[Records contained in a dataset]

————

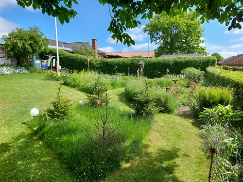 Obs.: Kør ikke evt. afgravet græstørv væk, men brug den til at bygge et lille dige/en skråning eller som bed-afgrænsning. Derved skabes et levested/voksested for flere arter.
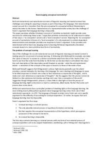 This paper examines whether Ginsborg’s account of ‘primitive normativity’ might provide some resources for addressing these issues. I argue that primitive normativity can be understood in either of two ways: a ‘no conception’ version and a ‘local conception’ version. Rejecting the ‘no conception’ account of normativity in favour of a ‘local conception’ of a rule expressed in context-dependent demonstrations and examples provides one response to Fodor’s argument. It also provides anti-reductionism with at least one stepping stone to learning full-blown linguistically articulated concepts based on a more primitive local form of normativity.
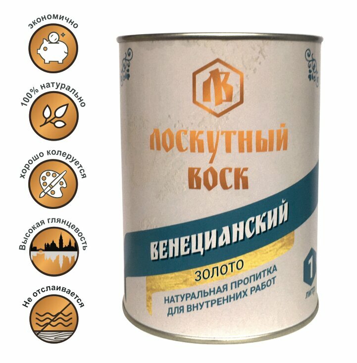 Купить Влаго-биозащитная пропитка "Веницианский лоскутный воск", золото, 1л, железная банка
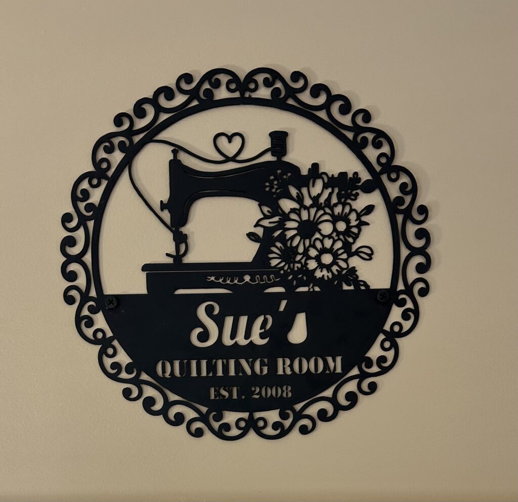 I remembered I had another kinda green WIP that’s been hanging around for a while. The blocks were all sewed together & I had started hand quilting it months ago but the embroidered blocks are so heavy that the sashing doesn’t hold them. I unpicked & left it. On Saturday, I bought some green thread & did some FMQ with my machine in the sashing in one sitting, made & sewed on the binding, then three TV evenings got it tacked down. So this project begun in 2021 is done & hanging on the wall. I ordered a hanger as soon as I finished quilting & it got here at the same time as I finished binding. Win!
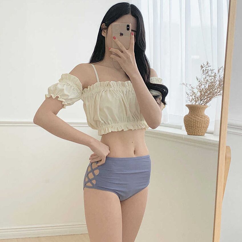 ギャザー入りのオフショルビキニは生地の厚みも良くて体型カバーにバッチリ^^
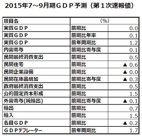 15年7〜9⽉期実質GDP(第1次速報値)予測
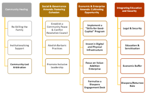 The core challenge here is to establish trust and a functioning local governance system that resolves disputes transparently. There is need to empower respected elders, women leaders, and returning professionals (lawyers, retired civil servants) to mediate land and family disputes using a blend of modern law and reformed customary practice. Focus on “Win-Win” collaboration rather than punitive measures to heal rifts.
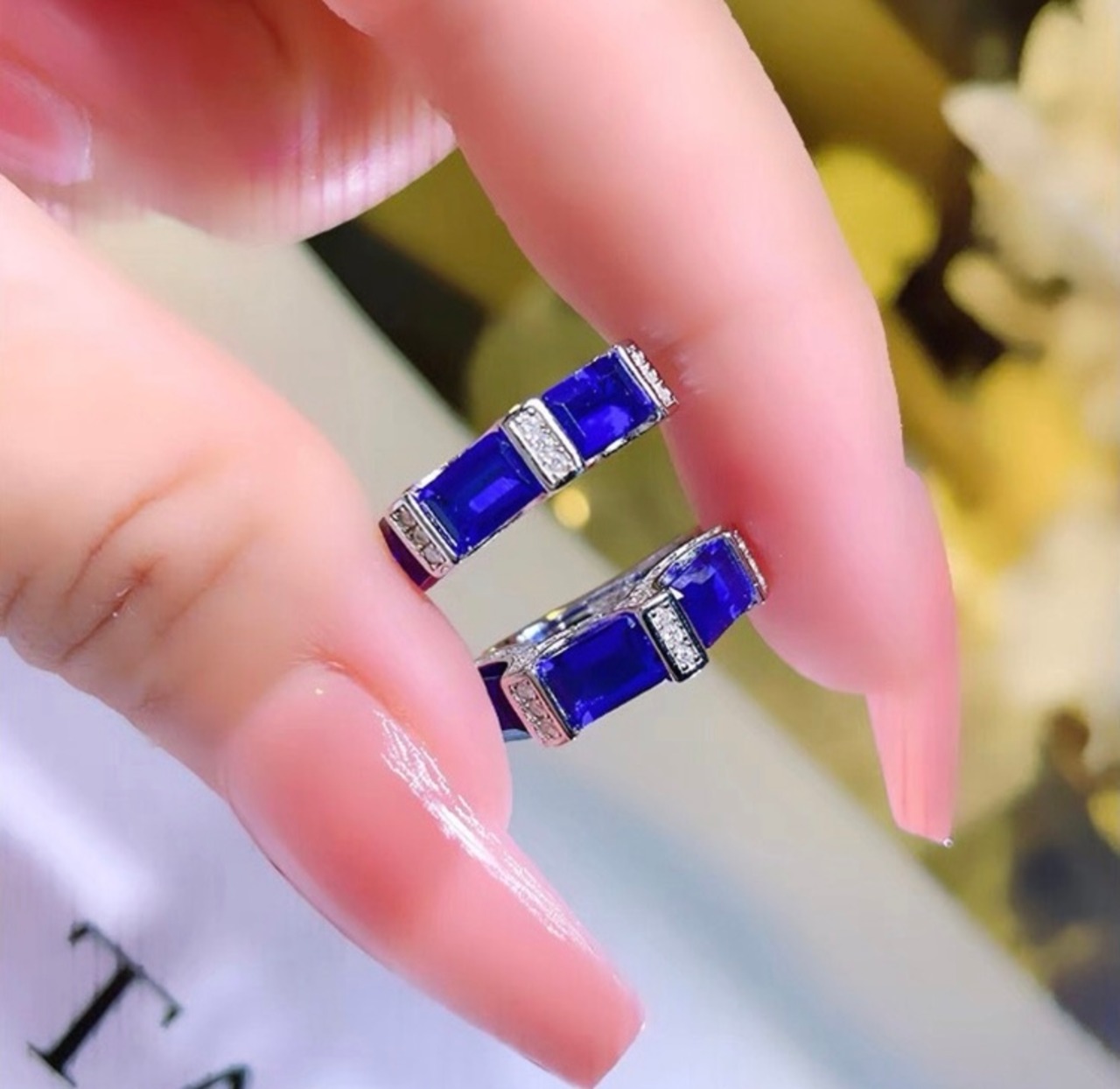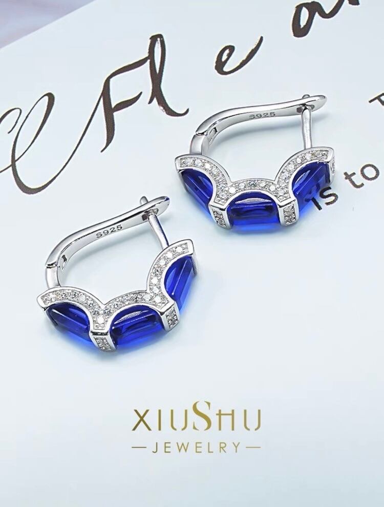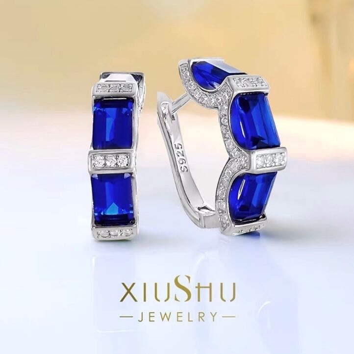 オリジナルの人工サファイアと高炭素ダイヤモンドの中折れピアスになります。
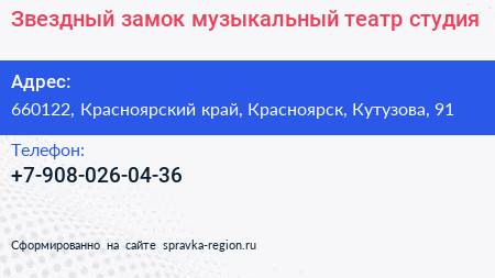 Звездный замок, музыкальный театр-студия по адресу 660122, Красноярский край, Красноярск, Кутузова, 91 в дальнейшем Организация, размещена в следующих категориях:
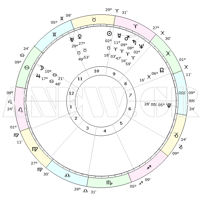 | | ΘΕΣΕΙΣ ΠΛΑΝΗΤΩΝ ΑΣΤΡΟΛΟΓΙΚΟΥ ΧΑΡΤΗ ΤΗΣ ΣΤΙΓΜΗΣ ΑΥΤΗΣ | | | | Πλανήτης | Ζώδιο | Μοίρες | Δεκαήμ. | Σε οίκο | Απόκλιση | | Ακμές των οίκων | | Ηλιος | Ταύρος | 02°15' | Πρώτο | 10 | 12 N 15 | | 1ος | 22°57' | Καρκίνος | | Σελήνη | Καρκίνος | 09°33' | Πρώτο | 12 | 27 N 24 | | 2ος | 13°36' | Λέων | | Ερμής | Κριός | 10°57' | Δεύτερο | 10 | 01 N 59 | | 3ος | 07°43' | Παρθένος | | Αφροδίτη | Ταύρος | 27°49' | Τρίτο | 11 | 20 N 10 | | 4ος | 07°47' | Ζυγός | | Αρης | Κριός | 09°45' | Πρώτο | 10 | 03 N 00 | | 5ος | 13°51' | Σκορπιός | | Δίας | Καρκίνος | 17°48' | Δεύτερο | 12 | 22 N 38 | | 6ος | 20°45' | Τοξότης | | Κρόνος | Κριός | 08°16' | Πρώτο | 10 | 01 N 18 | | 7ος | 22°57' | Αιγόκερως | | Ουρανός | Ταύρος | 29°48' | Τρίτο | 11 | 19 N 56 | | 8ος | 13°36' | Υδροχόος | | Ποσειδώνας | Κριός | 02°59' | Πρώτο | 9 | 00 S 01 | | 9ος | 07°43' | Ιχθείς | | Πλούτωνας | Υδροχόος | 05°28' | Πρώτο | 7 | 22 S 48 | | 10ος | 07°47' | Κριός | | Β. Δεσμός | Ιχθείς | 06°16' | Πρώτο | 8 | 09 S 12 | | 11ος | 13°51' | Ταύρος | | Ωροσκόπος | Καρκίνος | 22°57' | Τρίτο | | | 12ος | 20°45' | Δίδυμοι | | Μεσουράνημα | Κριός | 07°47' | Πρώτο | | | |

————

* **Description of the task**
Precisely those lines above that run from the line with "I remembered I" up to and including the line with "15年7〜9⽉期実質GDP(第1次速報値)予測" are to be set down, with the pictures omitted.

* **Answer to this exercise**
 I remembered I had another kinda green WIP that’s been hanging around for a while. The blocks were all sewed together & I had started hand quilting it months ago but the embroidered blocks are so heavy that the sashing doesn’t hold them. I unpicked & left it. On Saturday, I bought some green thread & did some FMQ with my machine in the sashing in one sitting, made & sewed on the binding, then three TV evenings got it tacked down. So this project begun in 2021 is done & hanging on the wall. I ordered a hanger as soon as I finished quilting & it got here at the same time as I finished binding. Win!
 ギャザー入りのオフショルビキニは生地の厚みも良くて体型カバーにバッチリ^^
 15年7〜9⽉期実質GDP(第1次速報値)予測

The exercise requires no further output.